Carbon sinks explained, with examples

October 20, 2022
Written by
Pierre-Louis Lemaire
Carbon sinks explained, with examples
Table of contents

What is a carbon sink

A carbon sink can be natural or artificial. It is an element that actively draws CO2 from the atmosphere and stores it indefinitely. Carbon sinks play a key role in limiting global warming by absorbing a significant portion of our carbon emissions year after year. In fact, since 1959, approximately 350 billion tonnes of carbon have been emitted by humans to the atmosphere, of which about 55 percent has been stored in various carbon sinks. Globally, the two most important carbon sinks are vegetation and the ocean.

Recent studies have shown that carbon sinks absorb more carbon dioxide from the atmosphere as its concentration goes up. However, others tend to demonstrate that this doesn’t come without side effects, and as sinks store more carbon, more pressure is applied to them.

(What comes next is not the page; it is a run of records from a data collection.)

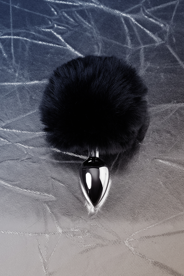 Анальная втулка металл+искусственный мех, с черным хвостиком
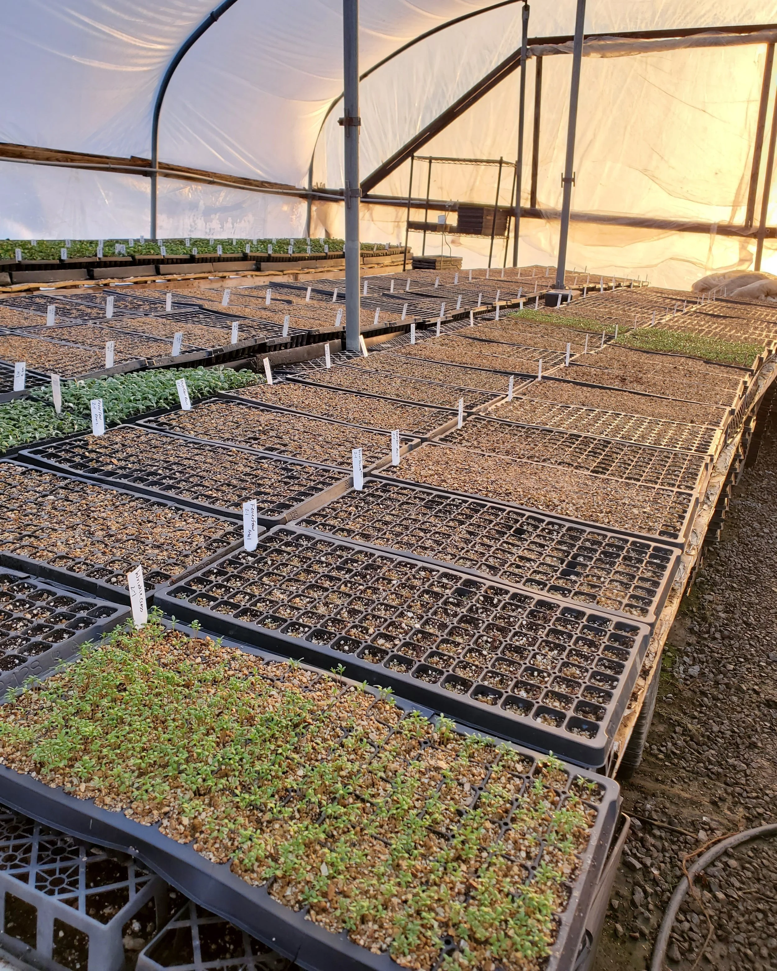 Our propagation house full of freshly seeded trays.
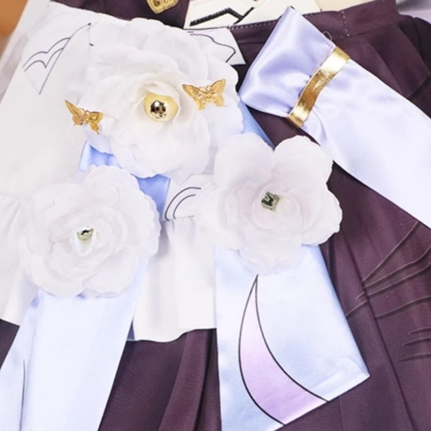 シックでありながらも、レースやリボン、ゴールドのディテールが華やかさを添えるコスプレ衣装。
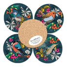 1 パックあたり 4 種類のコースター デザイン - ゴジュウカラ、コマドリ、ヒガラ、ウソ。
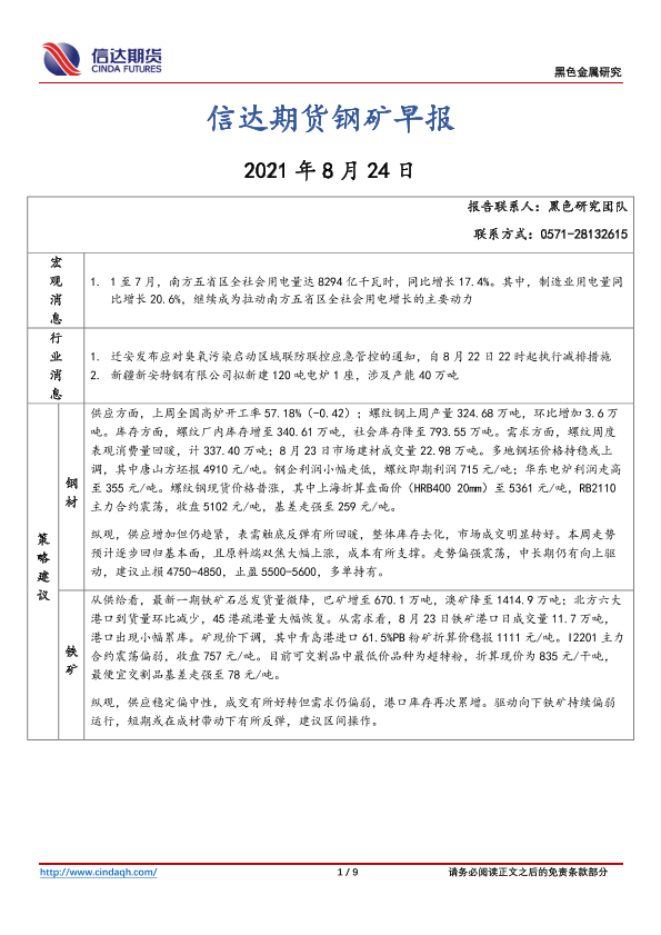 【信达期货】【20210824】信达期货钢矿早报-9页

Therefore, scientists do not believe that this “keeping pace” trend will continue indefinitely, as we continue to emit enormous amounts of carbon dioxide into the atmosphere.

Global carbon accumulation from 1960 to 2010 - NOAA

As this graph shows, carbon sinks have been crucial to limiting global warming, despite our emissions reaching sky levels. However, many natural carbon sinks are at risk because of human activities (e.g., deforestation, industrial agriculture, and ocean acidification). We will see that we have no choice but to take care of nature, and more generally, the living, to reach net zero.

The carbon cycle explained

Carbon is the chore of life. We often only discuss carbon only through the CO2 emission spectrum. However, this chemical compound is at the base of the living.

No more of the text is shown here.